» **Work request**:
Repeat exactly, and only, the lines below starting at the line that contains "Blusón en tela tipo gasa en poliéster." and ending at the line that contains "Zilele trecute, după", inclusive of both.

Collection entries
• • • • •
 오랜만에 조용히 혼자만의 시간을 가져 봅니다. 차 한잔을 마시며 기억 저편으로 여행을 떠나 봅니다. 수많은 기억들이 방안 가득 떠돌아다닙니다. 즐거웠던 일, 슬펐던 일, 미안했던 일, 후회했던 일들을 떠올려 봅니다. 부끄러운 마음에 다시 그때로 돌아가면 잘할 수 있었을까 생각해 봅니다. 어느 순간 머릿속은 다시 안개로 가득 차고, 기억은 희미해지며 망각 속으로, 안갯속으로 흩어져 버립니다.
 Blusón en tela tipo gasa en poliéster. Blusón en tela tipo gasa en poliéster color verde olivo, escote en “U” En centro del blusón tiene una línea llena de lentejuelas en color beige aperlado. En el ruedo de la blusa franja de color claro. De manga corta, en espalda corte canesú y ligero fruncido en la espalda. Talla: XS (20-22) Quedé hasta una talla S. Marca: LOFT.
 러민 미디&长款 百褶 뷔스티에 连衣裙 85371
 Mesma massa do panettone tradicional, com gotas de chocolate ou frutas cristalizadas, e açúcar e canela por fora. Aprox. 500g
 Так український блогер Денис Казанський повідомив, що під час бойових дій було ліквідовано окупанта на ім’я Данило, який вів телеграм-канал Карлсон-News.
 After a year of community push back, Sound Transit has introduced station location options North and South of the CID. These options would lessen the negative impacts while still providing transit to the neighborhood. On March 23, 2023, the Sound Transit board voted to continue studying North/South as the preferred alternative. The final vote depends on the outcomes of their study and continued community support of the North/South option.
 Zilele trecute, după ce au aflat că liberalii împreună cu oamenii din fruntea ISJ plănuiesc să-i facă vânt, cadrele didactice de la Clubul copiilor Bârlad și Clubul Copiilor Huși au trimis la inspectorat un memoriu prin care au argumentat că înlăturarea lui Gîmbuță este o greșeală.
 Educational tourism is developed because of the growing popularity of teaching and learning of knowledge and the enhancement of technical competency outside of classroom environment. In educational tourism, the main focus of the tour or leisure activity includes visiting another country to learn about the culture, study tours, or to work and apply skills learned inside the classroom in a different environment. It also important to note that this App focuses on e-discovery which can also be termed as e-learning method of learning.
• • • • •
» **Task output**:
 Blusón en tela tipo gasa en poliéster. Blusón en tela tipo gasa en poliéster color verde olivo, escote en “U” En centro del blusón tiene una línea llena de lentejuelas en color beige aperlado. En el ruedo de la blusa franja de color claro. De manga corta, en espalda corte canesú y ligero fruncido en la espalda. Talla: XS (20-22) Quedé hasta una talla S. Marca: LOFT.
 러민 미디&长款 百褶 뷔스티에 连衣裙 85371
 Mesma massa do panettone tradicional, com gotas de chocolate ou frutas cristalizadas, e açúcar e canela por fora. Aprox. 500g
 Так український блогер Денис Казанський повідомив, що під час бойових дій було ліквідовано окупанта на ім’я Данило, який вів телеграм-канал Карлсон-News.
 After a year of community push back, Sound Transit has introduced station location options North and South of the CID. These options would lessen the negative impacts while still providing transit to the neighborhood. On March 23, 2023, the Sound Transit board voted to continue studying North/South as the preferred alternative. The final vote depends on the outcomes of their study and continued community support of the North/South option.
 Zilele trecute, după ce au aflat că liberalii împreună cu oamenii din fruntea ISJ plănuiesc să-i facă vânt, cadrele didactice de la Clubul copiilor Bârlad și Clubul Copiilor Huși au trimis la inspectorat un memoriu prin care au argumentat că înlăturarea lui Gîmbuță este o greșeală.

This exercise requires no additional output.